All the processes of CRISP-DM can be efficiently implemented by ASC to automate a diverse range of applications. The ASC handles the highly dynamic and constraint-oriented BDA problem domain in a sophisticated manner. The analysis workflow will be automated by 5 ASC stages: planning, discovery, selection, verification, and execution stages. This automation enables efficient analysis of any complex task. Scenarios related to sustainable power solutions or earthquake detection can be implemented as digital twins in a virtual space. Several traffic congestion simulations for smart city can be supported by the ASC concept too. Considering the technological stages of a digital twin, ranging from physical mirroring level to global data analysis or interoperable environment as autonomous agents [43], several scenarios can be considered. ASC is capable of efficiently handling various dynamic situations on multiple digital twins. If you are looking for detailed and up-to-date information on ASC and its automatic analysis capabilities, you can refer to the following literature: Siriweera [42] and Siriweera et al. [44].

5.2 Conclusion

Automatic service composition closely simulates human intelligence, and the current deep learning systems have gone beyond data learning with respect to high-level inferences. The currently available AI systems, such as ChatGPT, simply learn the probability of relationships between words. However, ASC can enable the construction of intelligent systems to create value-added complex services based on human intelligence.
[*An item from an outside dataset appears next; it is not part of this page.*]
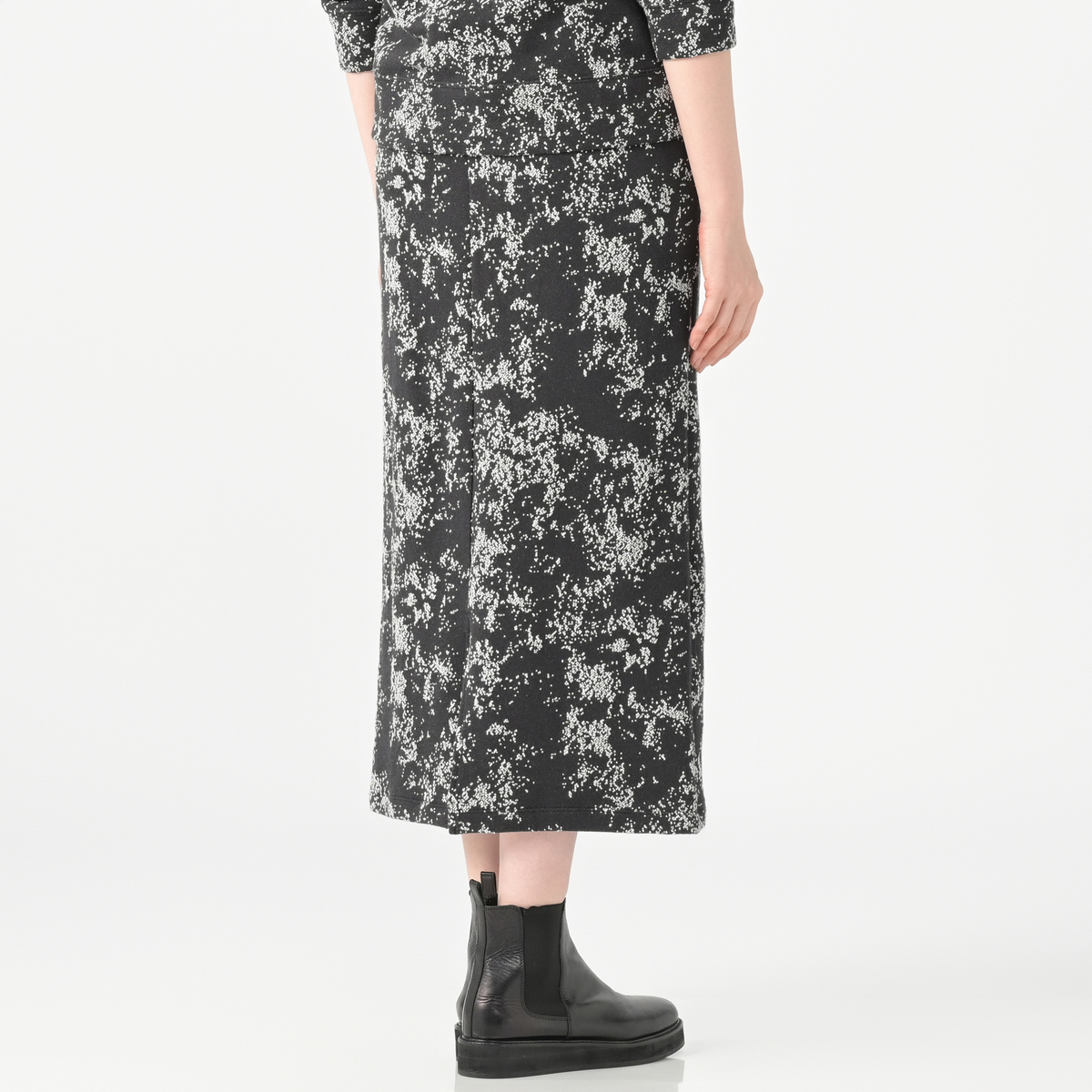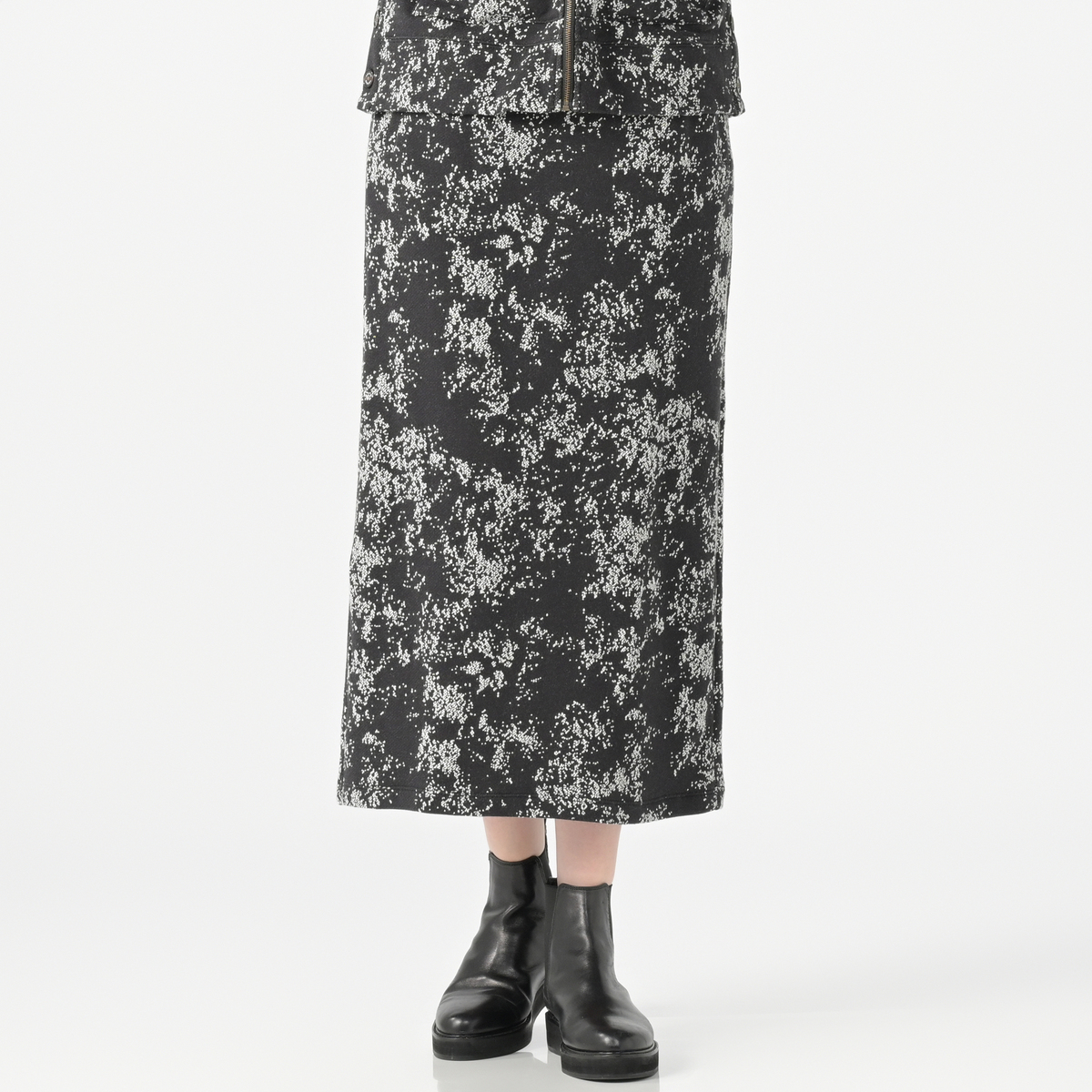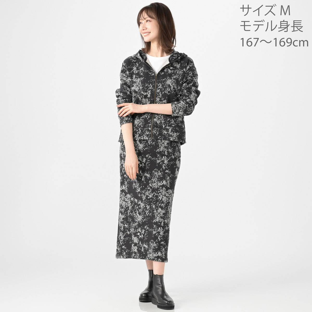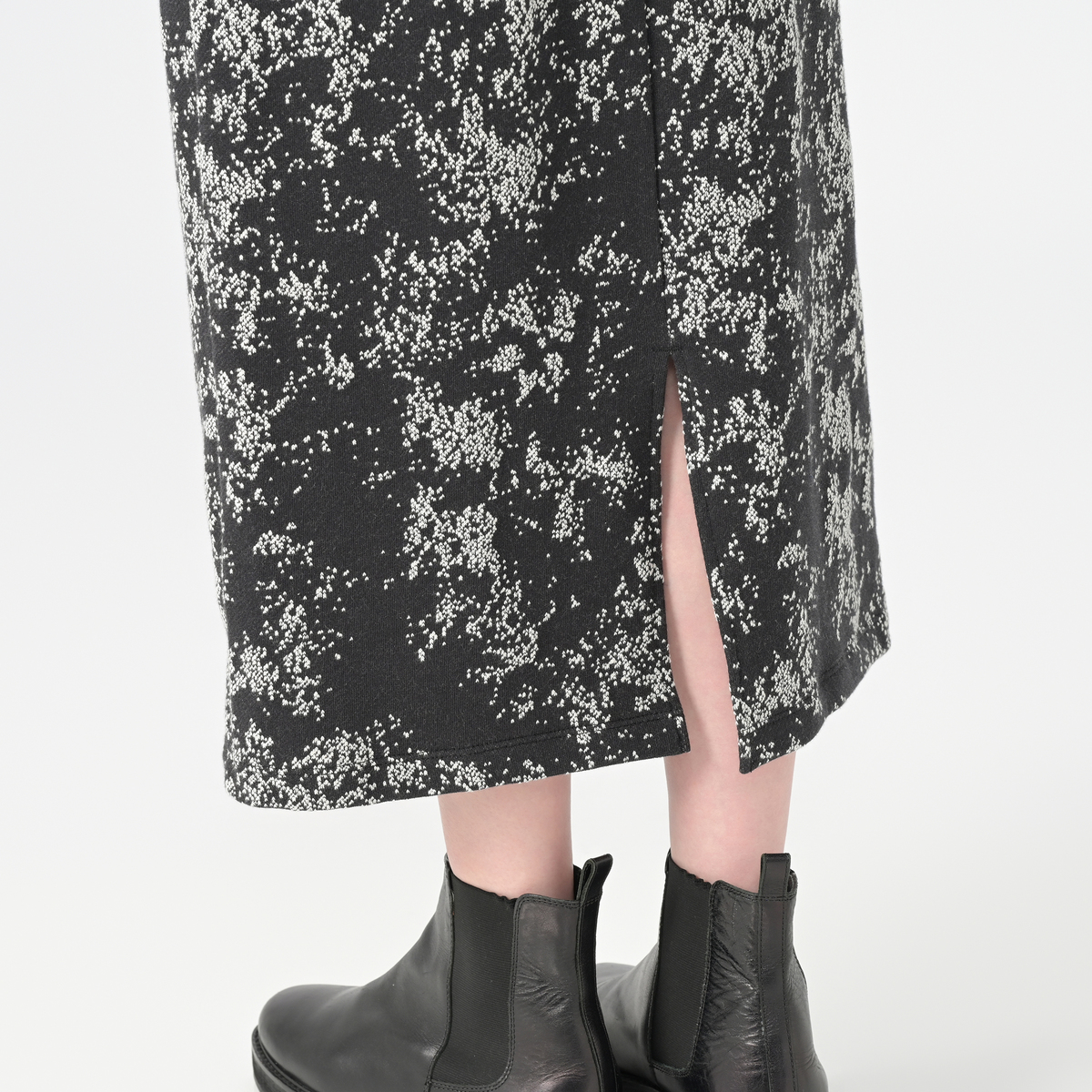 変わり裏毛で仕立てたタイトスカート。生地感がスタイリッシュな印象をもたらすデザインです。同素材のアイテムとのコーディネートも楽しめます

In this chapter, some core techniques for ASC, such as general ASC architecture, heuristic method, and service discovery, were introduced and applied in ASC to analyze big data using AI. ASC can be applied to automatic data analytics and deep learning generation systems, which can be used in virtual environment systems, such as digital twins, or in creating value-added services to supplement existing AI services (e.g., ChatGPT services). Finally, I expect this ASC technique can be used effectively to compose digital twins or AI services in Society 5.0.